WORK ITEM: Please set down only the lines running from the one with "E ci torniamo, allora, a" through the last line of the entries, exactly as written and without any pictures.

------------------------------------------------

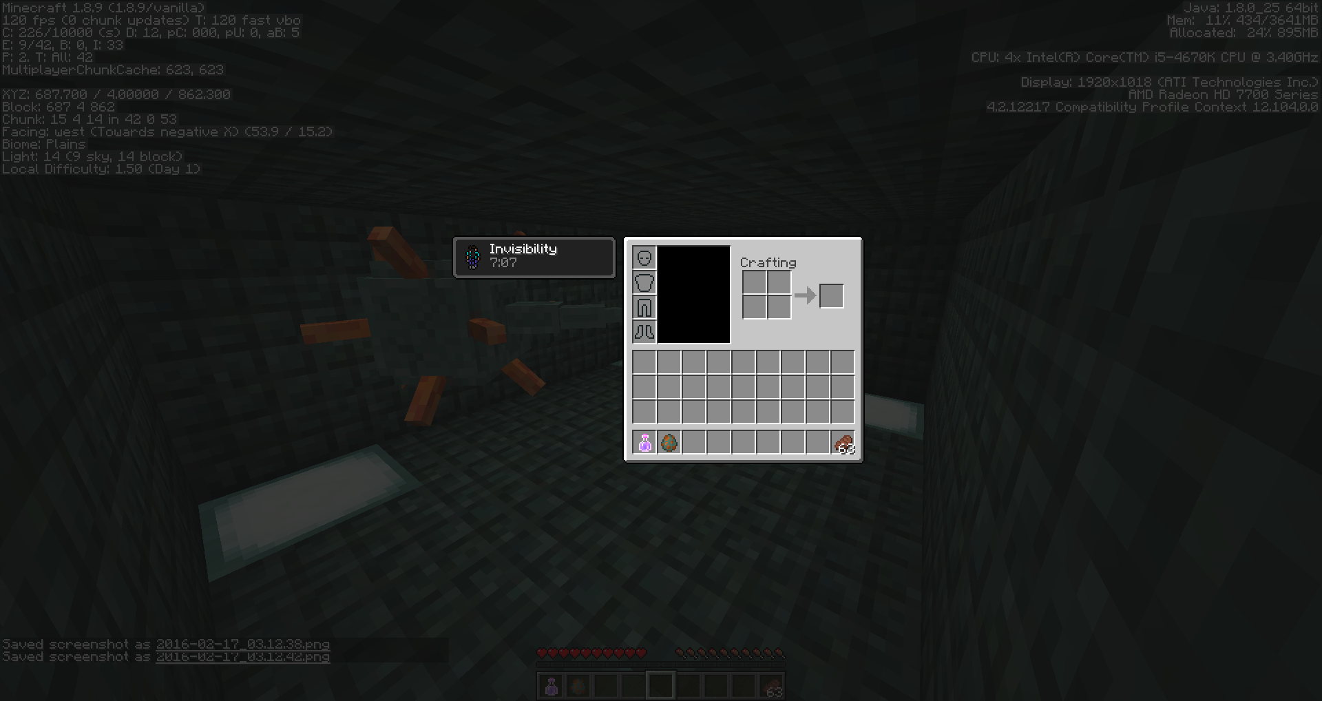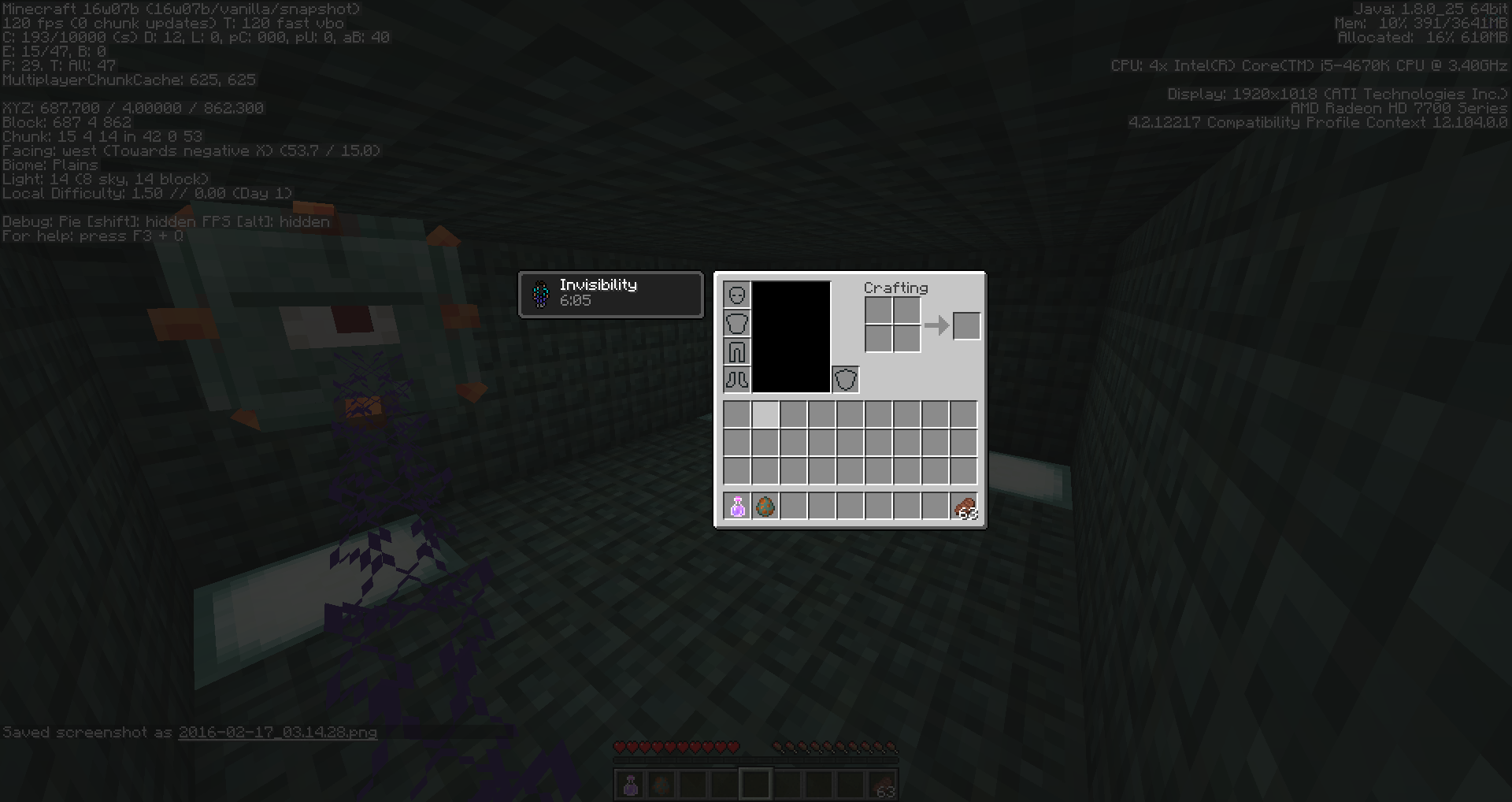 I noticed this problem when I made a survival world in 15w41b but I won't be going back to see when this bug first appeared and decided to wait a while to see if anyone would report it and seeing now that 1.9 is getting close to being released and still no one has reported this bug. I decided to make this report to get it fixed before the release. So in 1.8 when you used an invisibility potion, these guardians would not target you. In 1.9 snapshots they do target you which makes working on a guardian farm a lot more difficult.
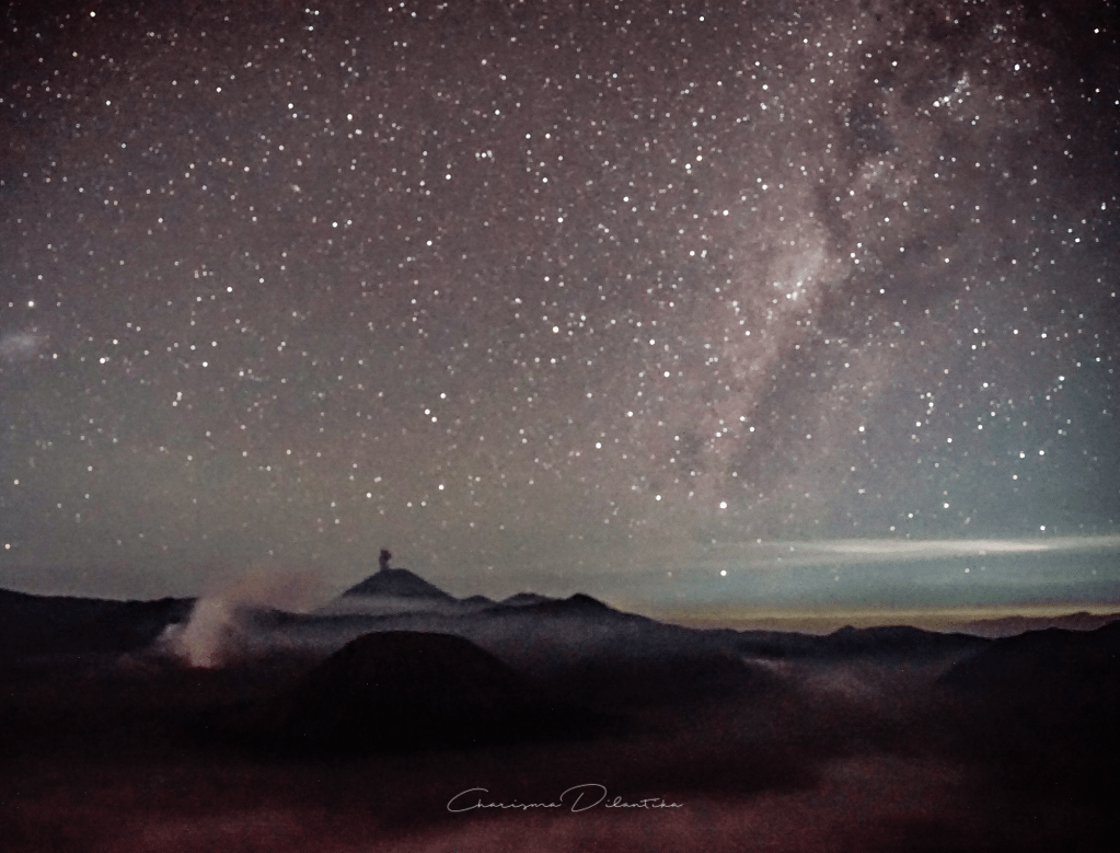 It was pitch black and freezing, after a while the fog got thin and there- the three mountains, Bromo, Batok, and Semeru- appeared, blowing some steam with milky way on the background.
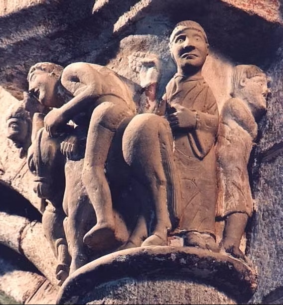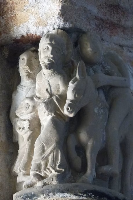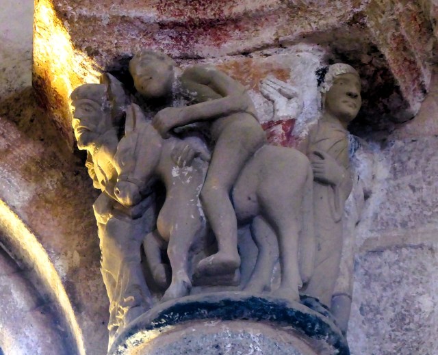 E ci torniamo, allora, a Vigeois, dove la chiesa abbaziale conserva e propone – ma solo nella sua parte orientale, poiché la navata è stata ricostruita nel XIX secolo – numerosi capitelli figurati ed istoriati, oltre a quello che racconta del nostro viandante massacrato di botte e dell’uomo che, pur non conoscendolo, a lui si fece prossimo.
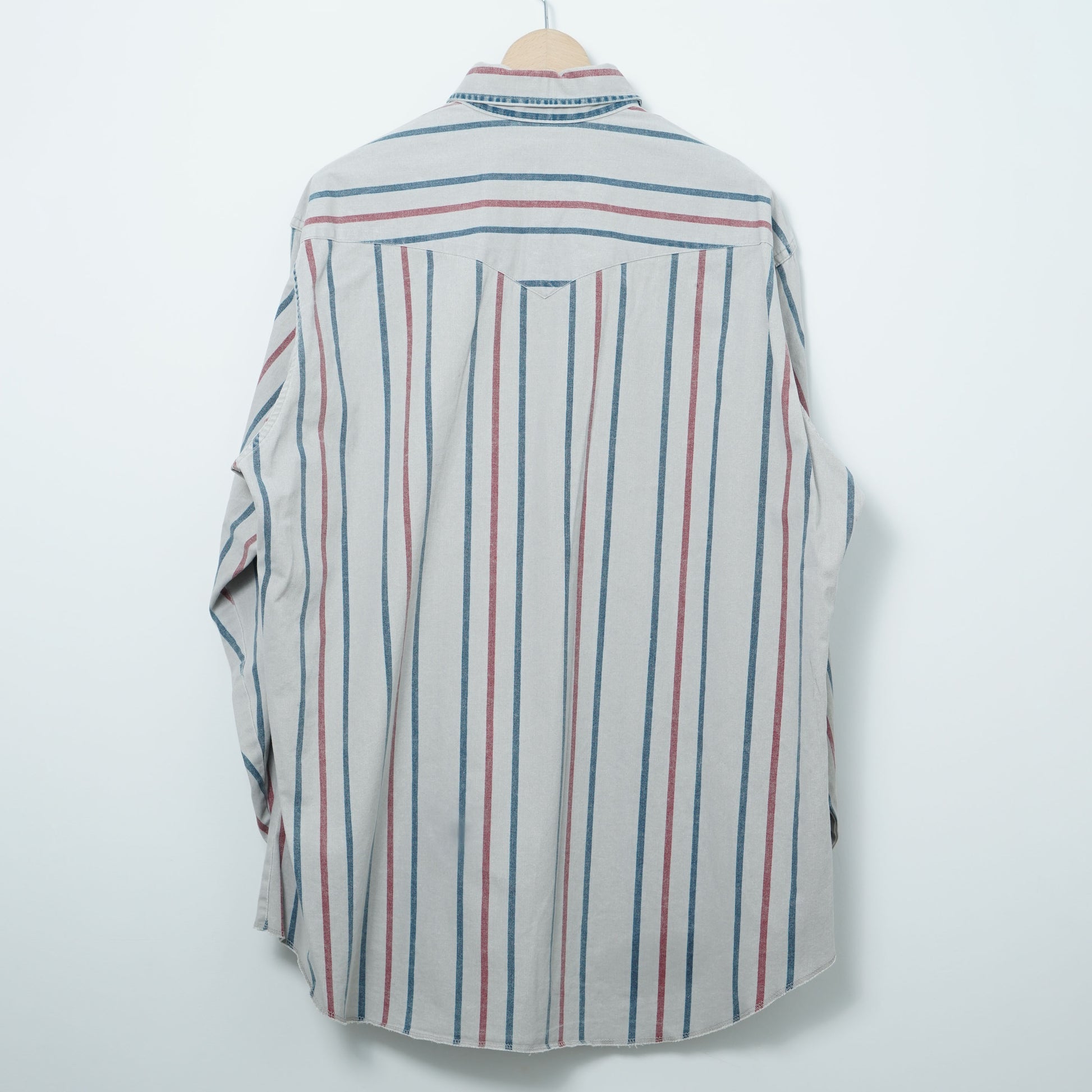 Vintage Wrangler western shirt in a calm grey base with blue/red stripes.
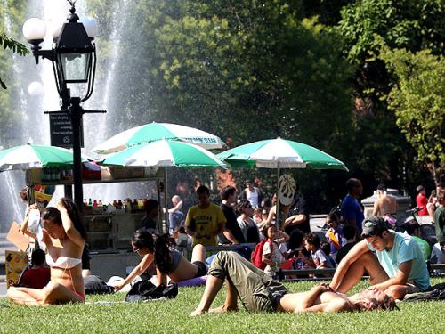 Luego de haber padecido uno de los inviernos más intensos y más largos en la historia recientes, la ciudad de Nueva York sufre desde finales de julio temperaturas por encima de los 32 grados centígrados, que el jueves alcanzaron los 35 grados centígrados.
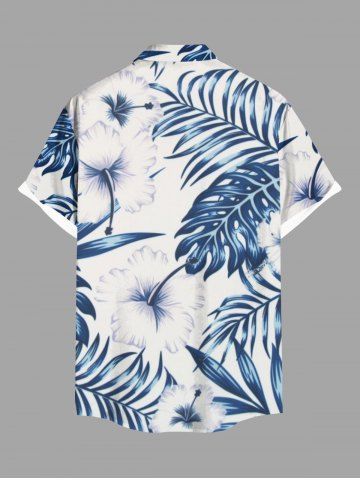 Plus Size Hibiscus Flowers Tropical Leaf Print Buttons Pocket Hawaii Shirt For Men - White - 2xl

------------------------------------------------

SOLUTION TO THIS EXERCISE:
 E ci torniamo, allora, a Vigeois, dove la chiesa abbaziale conserva e propone – ma solo nella sua parte orientale, poiché la navata è stata ricostruita nel XIX secolo – numerosi capitelli figurati ed istoriati, oltre a quello che racconta del nostro viandante massacrato di botte e dell’uomo che, pur non conoscendolo, a lui si fece prossimo.
 Vintage Wrangler western shirt in a calm grey base with blue/red stripes.
 Luego de haber padecido uno de los inviernos más intensos y más largos en la historia recientes, la ciudad de Nueva York sufre desde finales de julio temperaturas por encima de los 32 grados centígrados, que el jueves alcanzaron los 35 grados centígrados.
 Plus Size Hibiscus Flowers Tropical Leaf Print Buttons Pocket Hawaii Shirt For Men - White - 2xl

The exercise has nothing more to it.